Goal of the exercise: Would you return the entries below exactly from the line containing "มาพบกับ Motherboard จาก" onward, ending with the final line and including it, and nothing else?

(Items from a data source)
"""
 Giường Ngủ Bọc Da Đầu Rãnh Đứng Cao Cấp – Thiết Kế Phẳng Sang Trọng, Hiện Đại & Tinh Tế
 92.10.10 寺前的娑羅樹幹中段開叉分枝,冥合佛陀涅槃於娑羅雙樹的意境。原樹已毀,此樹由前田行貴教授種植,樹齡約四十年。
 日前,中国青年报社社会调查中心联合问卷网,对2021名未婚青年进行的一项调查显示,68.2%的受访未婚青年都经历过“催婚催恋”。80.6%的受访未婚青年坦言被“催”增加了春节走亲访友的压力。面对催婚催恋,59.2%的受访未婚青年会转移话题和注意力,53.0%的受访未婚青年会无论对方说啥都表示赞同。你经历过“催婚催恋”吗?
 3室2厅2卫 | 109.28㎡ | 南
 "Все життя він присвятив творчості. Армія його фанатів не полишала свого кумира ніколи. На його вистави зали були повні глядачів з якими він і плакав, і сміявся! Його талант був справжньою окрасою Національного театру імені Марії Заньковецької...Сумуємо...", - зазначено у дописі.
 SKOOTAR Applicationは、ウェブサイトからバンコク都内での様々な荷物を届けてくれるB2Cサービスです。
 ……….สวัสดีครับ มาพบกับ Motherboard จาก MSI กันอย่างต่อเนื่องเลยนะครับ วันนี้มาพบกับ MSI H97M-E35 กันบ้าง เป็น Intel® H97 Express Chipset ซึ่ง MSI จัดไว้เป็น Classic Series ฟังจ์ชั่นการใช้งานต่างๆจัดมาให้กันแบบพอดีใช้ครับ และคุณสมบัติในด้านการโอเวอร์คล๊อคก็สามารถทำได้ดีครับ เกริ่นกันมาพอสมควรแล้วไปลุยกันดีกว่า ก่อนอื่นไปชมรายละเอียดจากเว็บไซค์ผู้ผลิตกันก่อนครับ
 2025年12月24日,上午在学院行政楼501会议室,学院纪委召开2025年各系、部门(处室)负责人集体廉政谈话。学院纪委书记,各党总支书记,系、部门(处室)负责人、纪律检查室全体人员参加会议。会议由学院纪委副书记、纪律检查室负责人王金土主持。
"""
Final answer:
 ……….สวัสดีครับ มาพบกับ Motherboard จาก MSI กันอย่างต่อเนื่องเลยนะครับ วันนี้มาพบกับ MSI H97M-E35 กันบ้าง เป็น Intel® H97 Express Chipset ซึ่ง MSI จัดไว้เป็น Classic Series ฟังจ์ชั่นการใช้งานต่างๆจัดมาให้กันแบบพอดีใช้ครับ และคุณสมบัติในด้านการโอเวอร์คล๊อคก็สามารถทำได้ดีครับ เกริ่นกันมาพอสมควรแล้วไปลุยกันดีกว่า ก่อนอื่นไปชมรายละเอียดจากเว็บไซค์ผู้ผลิตกันก่อนครับ
 2025年12月24日,上午在学院行政楼501会议室,学院纪委召开2025年各系、部门(处室)负责人集体廉政谈话。学院纪委书记,各党总支书记,系、部门(处室)负责人、纪律检查室全体人员参加会议。会议由学院纪委副书记、纪律检查室负责人王金土主持。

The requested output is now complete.